Madem îman bu âlemde bu tesirat-ı azîmeyi yapar; elbette dâr-ı bekada öyle semerat ve füyuzatı olacak ki, bu dünyadaki akıl ile onlar ihata edilmez ve tarif edilmez.
—
SÖZLER 9.SÖZ BİRİNCİ NÜKTE:
Namazın mânâsı, Cenâb-ı Hakkı tesbih ve tâzim ve şükürdür.
Yâni, celaline karşı kavlen ve fiilen “Sübhânallah” deyip takdîs etmek.
Hem kêmaline karşı, lâfzan ve amelen “Allahü Ekber” deyip tâzim etmek.
Hem cemâline karşı, kalben ve lisânen ve bedenen “Elhamdülillâh” deyip şükretmektir.
Demek tesbih ve tekbir ve hamd, namazın çekirdekleri hükmündedirler.

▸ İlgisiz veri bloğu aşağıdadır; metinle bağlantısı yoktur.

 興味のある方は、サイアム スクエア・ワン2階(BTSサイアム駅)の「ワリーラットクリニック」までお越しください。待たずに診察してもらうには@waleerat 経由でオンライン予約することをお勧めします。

Ondandır ki, namazın harekât ve ezkârında bu üç şey, her tarafında bulunuyorlar.
Hem ondandır ki, namazdan sonra, namazın mânâsını te’kid ve takviye için şu kelimât-ı mübâreke, otuzüç defa tekrar edilir.
Namazın mânâsı, şu mücmel hülâsalarla te’kid edilir.